Omeros advances OMS103HP and OMS302 into Phase 3 clinical programs

May 19 2011

Omeros Corporation (NASDAQ: OMER) today announced that it is advancing two of its product candidates from its PharmacoSurgery™ platform – OMS103HP for arthroscopic meniscectomy and OMS302 for intra-ocular lens replacement surgery – into Phase 3 clinical development programs. Both of these product candidates are added to standard irrigation solutions and delivered intra-operatively to the operative site throughout the surgical procedure to preemptively block the molecular-signaling and biochemical cascade caused by surgical trauma and to provide clinical benefits both during and after surgery.

"I am pleased to report today that we have already begun advancing Phase 3 clinical programs for OMS103HP and OMS302," stated Gregory A. Demopulos, M.D., chairman and chief executive officer of Omeros.  "Both of these drugs generated positive efficacy and safety data in large Phase 2 clinical trials and, based on our analysis of those data, we are optimistic that each drug's clinical benefits will be further demonstrated in its respective Phase 3 clinical program."

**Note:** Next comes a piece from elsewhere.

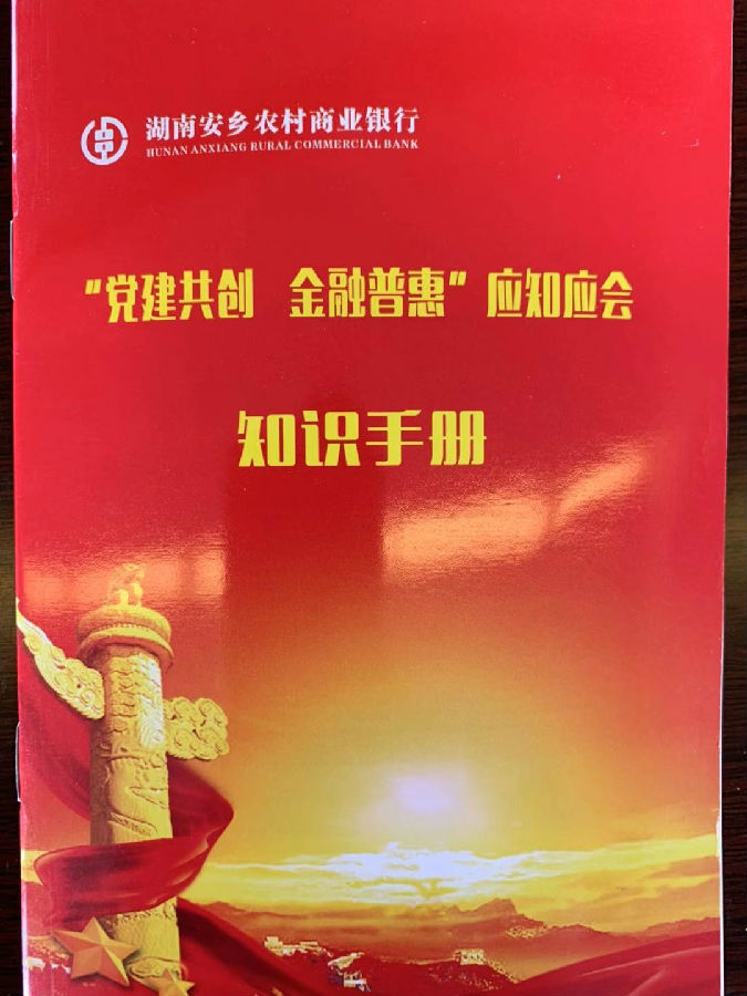 为深入开展“党建共创、金融普惠”大走访工作,方便党员干部和信贷客户经理学习金融基础知识,确保入脑入心,近日,安乡农商银行紧扣工作主题,编印《“党建共创、金融普惠”应知应会知识手册》,并发放至全体党员干部和信贷客户经理。

The OMS103HP Phase 3 clinical program will evaluate the drug's safety and efficacy in improving postoperative joint function and reducing pain following arthroscopic partial meniscectomy surgery. The program will consist of two randomized, double-blind, vehicle-controlled, multicenter trials to be conducted in North America and Europe. Omeros expects data from the North American trial in the first half of 2012. The Company is in discussions with European regulatory authorities regarding the second clinical trial and, assuming sufficient resources, plans to begin that trial during the fourth quarter of 2011. The primary endpoint for these trials will be performance on the Knee Injury and Osteoarthritis Outcome Score (KOOS), a validated patient-reported outcomes measure used in the successful Phase 2 meniscectomy trial.

OMS302 will be evaluated for safety and efficacy in patients undergoing intra-ocular lens replacement surgery. The trials will enroll both cataract surgery and refractive lens exchange patients. This clinical program will involve two randomized, double-blind, placebo-controlled, multicenter trials. The first trial will be conducted in North America and data are expected in the first half of 2012.  Omeros will initiate the second trial in Europe following discussions with regulators to ensure that data collected meet European expectations for marketing approval. The co-primary endpoints for these trials – maintenance of intraoperative pupil dilation (mydriasis) and reduction of postoperative pain – are the same as those achieved in the recently completed 221-patient Phase 2b trial.